I'm combining the following into one issue because they all have roughly the same response, which is that finding an F in S (P K) that is the domain of an epimorphism onto an arbitrary algebra in Mod (Th K) proved exceedingly difficult. It was the hardest part of the proof. The suggestions below all seem to point out that (in theory) it's easy to see the F's they suggest are in S (P K). However, proving this formally is hard.

1. Review 2 (point 1). The second half of the paper (starting with § on relatively free algebra) is confusing. The reviewer was hoping for the following argument:

   • Define 𝔽[X] as 𝑻(X)/≈, where x ≈ y iff given any homomorphism f into an element of K, f x = f y (in other words, x ≈ y iff (x,y) ∈ Th 𝒦). Then, if 𝑨 is in Mod (Th 𝒦), the surjective morphism 𝑻(A) → 𝑨 factors through 𝑻(X) → 𝔽[X], so it remains to show that 𝔽[X] ∈ S (P 𝒦) (then, 𝑨 ∈ HSP 𝒦).
   • 𝔽[X] is easily shown to be a sd prod of all algebras in 𝒦. However, because of size issues, this product may not exist. Fortunately, it's also a subproduct of the algebras in { 𝑻(X)/Θ }, because any hom factors as an epimorphism followed by a monomorphism, so that x ≈ y iff for any epimorphism f into an element of S 𝒦, f x = f y.

2. Review 2 (point 12).

   Let 𝑨 ∈ 𝒦⁺; it suffices to find an algebra 𝑭 ∈ S (P 𝒦) such that 𝑨 is a homomorphic image of 𝑭, as this will show that 𝑨 ∈ H (S (P 𝒦)) = 𝒦.
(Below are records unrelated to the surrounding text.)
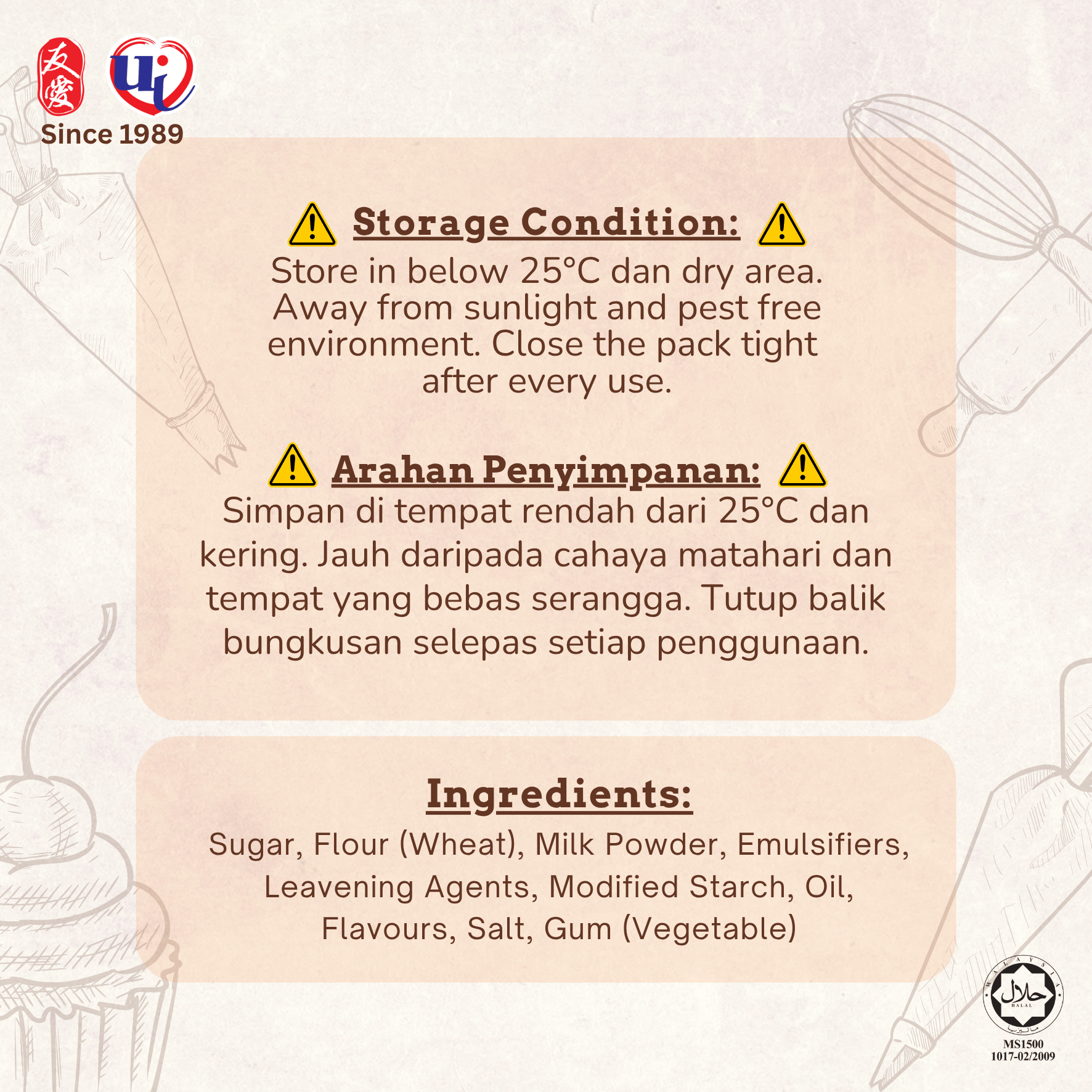 Baking is now a piece of cake with our Moist Cake Mix! Try this premix and you’ll find yourself with a light, sweet, and moist vanilla moist cake – perfect for teatime!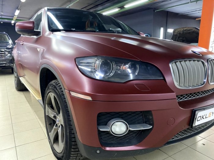 Полная оклейка автомобиля в матовую виниловую пленку премиум класса бордового цвета, матовую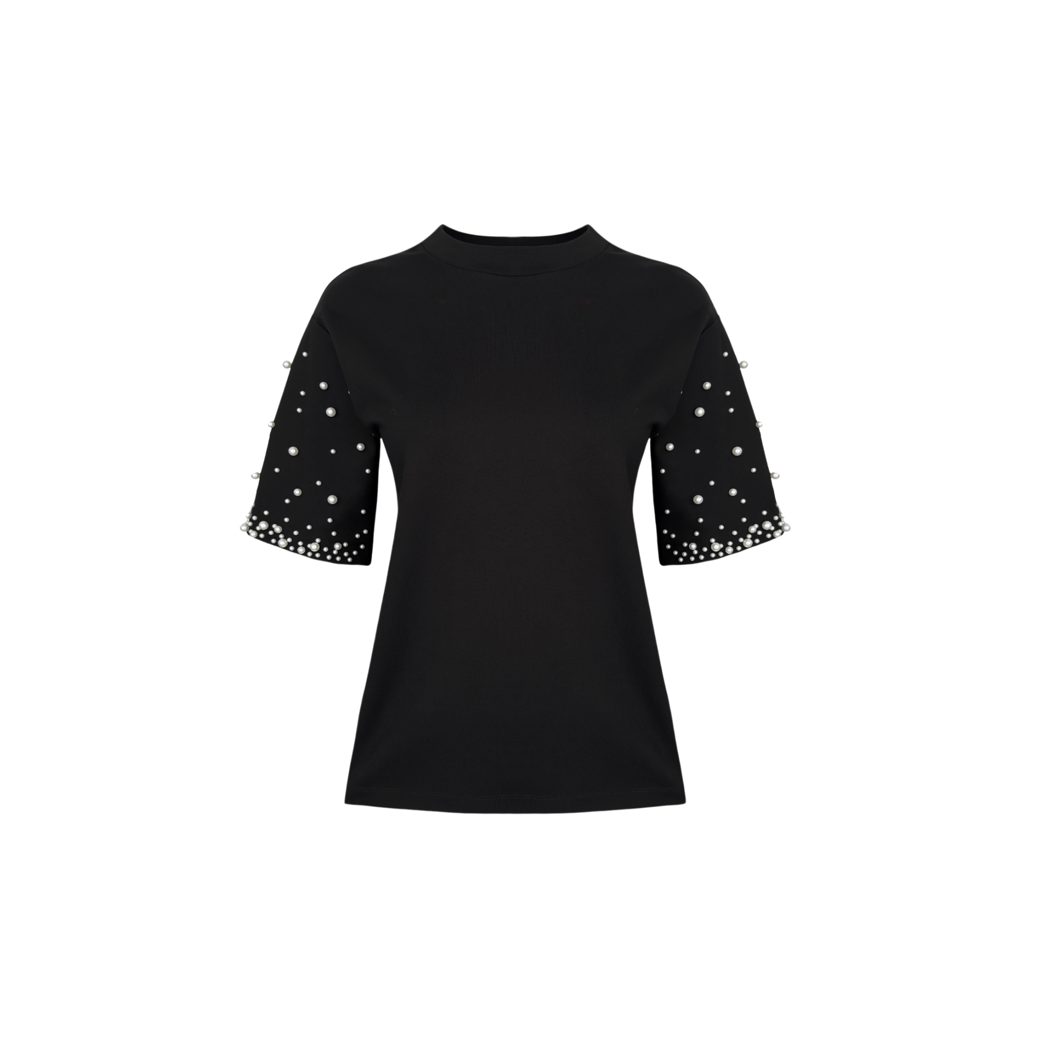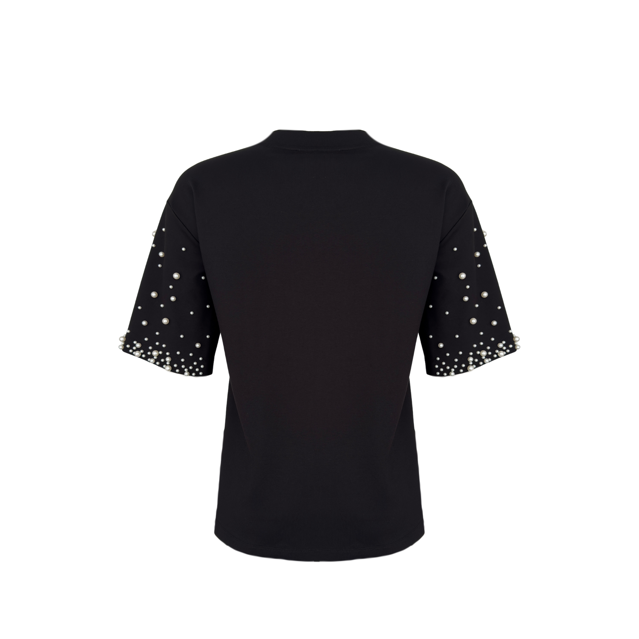 BLACK RAYON BLOUSE WITH PEARL DETAIL ON SLEEVES

   Why can't we conclude the proof here by choosing 𝑭 = 𝔽[A], since we already showed that 𝑨 is an homomorphic image of 𝔽[A] before §6 and that 𝔽[A] ∈ S (P 𝒦) (in the § on relatively free algebra in theory)?

3. Review 2 (point 14).

   Let 𝑪 be the product of all algebras in S 𝒦, so that 𝑪 ∈ P (S 𝒦).

   Can we comment on the reason we chose a different route from the mathematical proof that we describe informally? (see also: comment on the universe hierarchy).

[JacquesCarette]

Sounds like all of this should be done in referee comments indeed - and maybe future work for a journal version?

[williamdemeo]

Actually, I labeled them incorrectly. All three points were made by the same referee. (The "weak accept" ...I guess s/he really didn't like our proof very much :roll_eyes: )

[williamdemeo]

Sounds like all of this should be done in referee comments indeed - and maybe future work for a journal version?

Yes, good idea.

[williamdemeo]

done